課題を克服し、新たなビジネスチャンスを作る 家業×つくば ~家業イノベーション・アイデアソン2020~
昨年8月、国内随一の科学技術拠点都市として知られる茨城県つくば市を舞台にスタートした『つくばのテックでつくる家業の未来 ~家業イノベーション・アイデアソン2019~』。約5カ月にわたって繰り広げられたこのアイデアソンでは、家業イノベーターとつくばのテクノロジー、そして、参加者たちの知見がさまざまな化学反応を巻き起こし、斬新かつユニークな取り組みを次々と生み出していきました。
そして、この夏、「アイデアソン2020」のオンライン開催が決定しました。つくばというリアルな場を共有できないことは残念ですが、その代わり、全国の人々が気軽に参加できるという、オンラインならではの良さを生かすことができます。
去る8月26日(水)には、茨城県つくば市を中心に公募などで選ばれた4名の家業イノベーターのお披露目を兼ねたキックオフ会が開催されました。遠く沖縄から参加する方もいて、昨年以上に多様なジャンル、年齢、経験を持つ方たちが興味深くアイデアソン2020に参加します。
それでは、ここからは初顔合わせとなったキックオフ会の模様とともに、4名の家業イノベーターたちが抱える課題をご紹介していきましょう。
4名の家業イノベーターたちの課題をブラッシュアップ
始めに、家業イノベーション・ラボを共催する「NPO法人農家のこせがれネットワーク」の主宰者・株式会社みやじ豚の宮治勇輔さんの基調講演が行われました。
宮治さんは、昨年の「アイデアソン2019」に家業イノベーターとして参加した一人です。当初は新規顧客の獲得を課題として掲げていましたが、回を重ねるうちに既存顧客の満足度を上げることが最優先だと認識し、現在は自社サイトやインベントサイトの構築に取り組んでいます。経験者である宮治さんは、この日、「既存のサービスを壊すのではなく、いかに活用するかが大事」であり、「成功の秘訣は『フォーカス』すること」だと話しました。宮治さんのこの言葉は、今後のアイデアソンで家業イノベーターたちの礎となって響いたことでしょう。
その後、ウェブ会議システムのブレイクアウトルームを利用し、いよいよ4名の家業イノベーターたちを交えたブラッシュアップセッションがスタートしました。
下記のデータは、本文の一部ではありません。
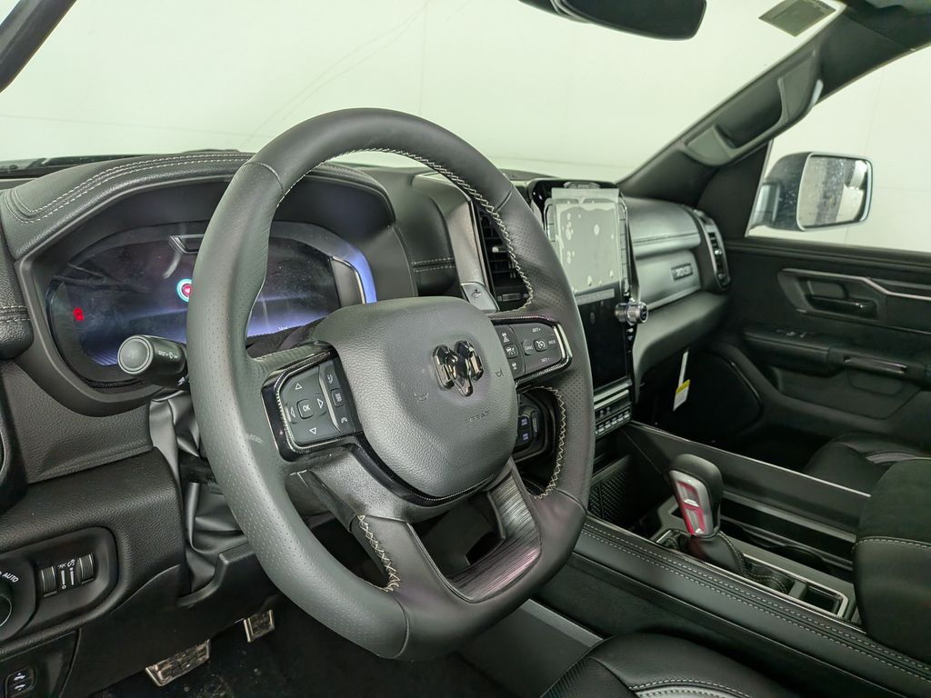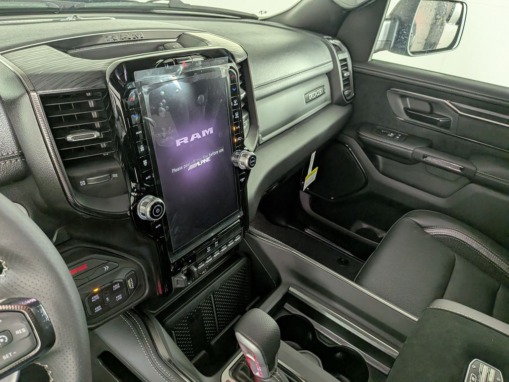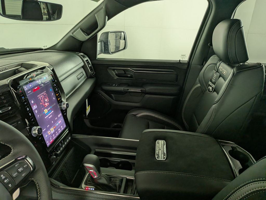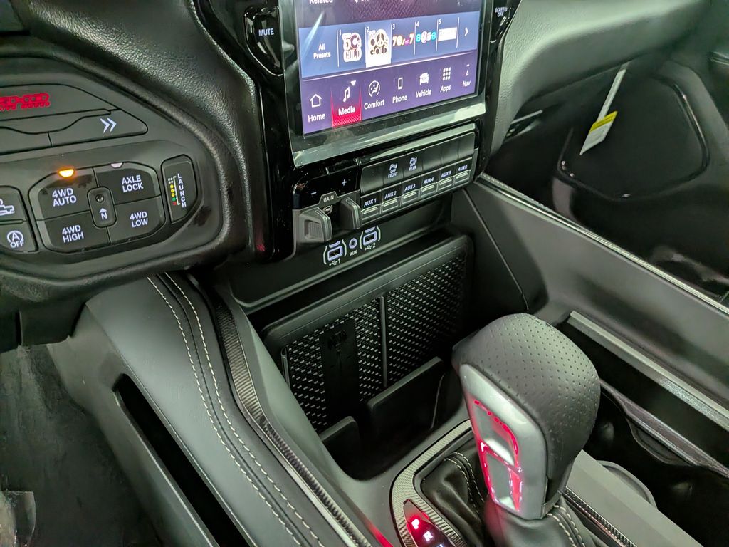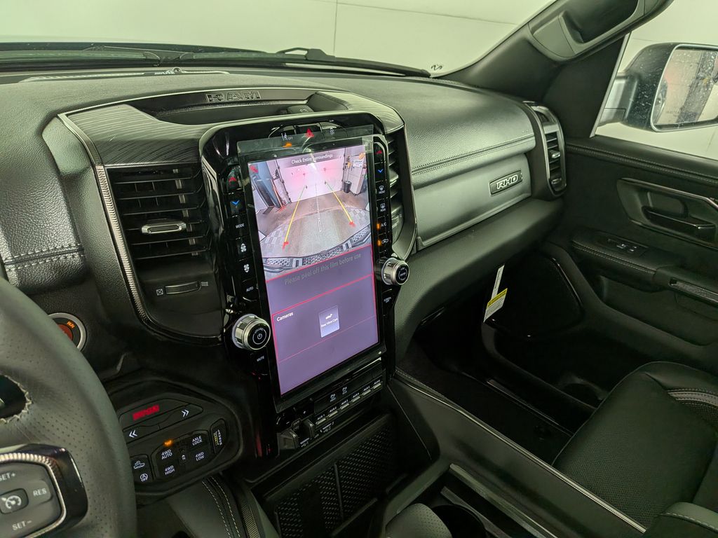 We look forward to serving you! Quick Order Package 22Y RHO, 10 Speakers, 3.92 Rear Axle Ratio, 4-Wheel Disc Brakes, 4G LTE Wi-Fi Hot Spot, ABS brakes, Adaptive suspension, Adjustable pedals, Air Conditioning, Alloy wheels, AM/FM radio, Apple CarPlay/Android Auto, Auto High-beam Headlights, Auto Power-Folding Mirrors, Auto-dimming door mirrors, Auto-Dimming Exterior Driver Mirror, Auto-dimming Rear-View mirror, Automatic temperature control, Brake assist, Compass, Connected Travel and Traffic Services, Connectivity - US/Canada, Delay-off headlights, Disassociated Touchscreen Display, Driver door bin, Driver vanity mirror, Dual front impact airbags, Dual front side impact airbags, Electronic Stability Control, Exterior Mirrors Courtesy Lamps, Exterior Mirrors with Heating Element, Exterior Mirrors with Supplemental Signals, Exterior Parking Camera Rear, Flareside Box, Front anti-roll bar, Front Bucket Seats, Front Center Armrest w/Storage, Front dual zone A/C, Front fog lights, Front License Plate Bracket, Front reading lights, Front wheel independent suspension, Fully automatic headlights, Garage door transmitter, GPS Navigation, HD Radio, Heated door mirrors, Heated front seats, Heated steering wheel, Illuminated entry, Integrated Center Stack Radio, Integrated Voice Command with Bluetooth, Leather Shift Knob, Leather steering wheel, Leather Trimmed Bucket Seats, Low tire pressure warning, Manufacturer's Statement of Origin, MOPAR Off-Road Style Running Boards, Navigation System, Occupant sensing airbag, Outside temperature display, Overhead airbag, Overhead console, Panic alarm, Passenger door bin, Passenger vanity mirror, Power door mirrors, Power driver seat, Power passenger seat, Power steering, Power windows, Radio data system, Radio: Uconnect 5 Navigation with 12.0" Display, Rear reading lights, Rear seat center armrest, Rear step bumper, Rear window defroster, Remote keyless entry, Security system, SiriusXM Radio Service, Speed control, Split folding rear seat, Sport steering wheel, Steering wheel mounted audio controls, Tachometer, Telescoping steering wheel, Tilt steering wheel, Traction control, Trip computer, Turn signal indicator mirrors, USB Host Flip, Variably intermittent wipers, Voltmeter, and Wheels: 18" x 9" Black Paint/Polish AluminuM.
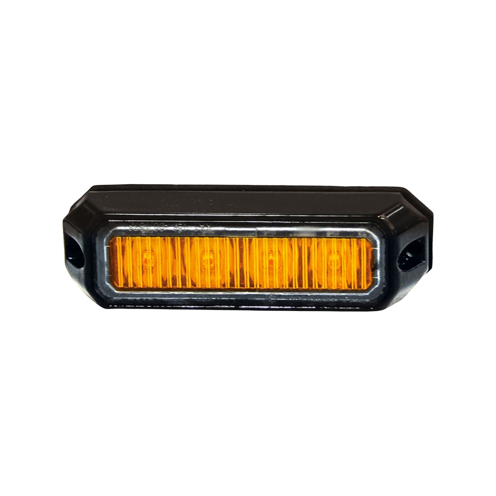 Stilrent oransje varselslys med svart ram. Inneholder 4 dioder og 18 blinkemønstre.Produktark

今回のアイデアソン2020に参加される家業イノベーターは、水戸市で印刷会社を営む「株式会社あけぼの印刷社」の山田周さん、日立市で70年余り続く老舗「御菓子司風月堂」の3代目・藤田浩一さん、そして、八千代町で豆腐を中心とした食品製造業を営む「有限会社高橋食品」の高橋真弘さんといった、地元・茨城で家業を継承した3人の経営者に加え、和歌山県有田川町で柑橘を生産している「みかんのみっちゃん農園」の小澤光範さんです。
60種類の柑橘類を年間100tも生産する小澤さんの目下の課題は、「BtoCの販路確立」、「規格外のみかんのフードロス問題」と「有田地域で人を集める仕組み作り」です。
現在はSNSを通じて消費者からの注文を受け付けているそうですが、その数も多くなった今、SNSに特化したECサイトの構築を始めています。そこでは、味は優良みかんと全く変わらないのに、規格外だというだけで市場に出せないみかんを販売していきたいと話しました。この課題に対して、同じ農業を営む立場である宮治さんのほか、参加者たちからはBtoBtoCへの可能性も指摘されるなど、短い時間にも関わらず、白熱した議論が交わされました。
小澤さんが抱えている課題は3つ。今後、どの課題を優先的に行っていくのかも重要なテーマです。
また、「株式会社あけぼの印刷社」の山田さんは「デジタルとアナログをブリッジしたサービスの構築」を目指し、今回のアイデアソン2020では「若年層に対してカーディーラーの販促を考える」をテーマに掲げました。
これは実際に山田さんに寄せられた相談事だったそうですが、車離れが進む若年層にデジタルとアナログをミックスさせた効果的なプロモーションを行うことは、確実に家業のアップデートにつながる取り組みです。また、今回のアイデアソン2020で、多くの人に自社設備を活用するアイデアも求めていると話しました。ディスカッションでは、ウェブやIT関係者による専門的なアドバイスやヒントが寄せられています。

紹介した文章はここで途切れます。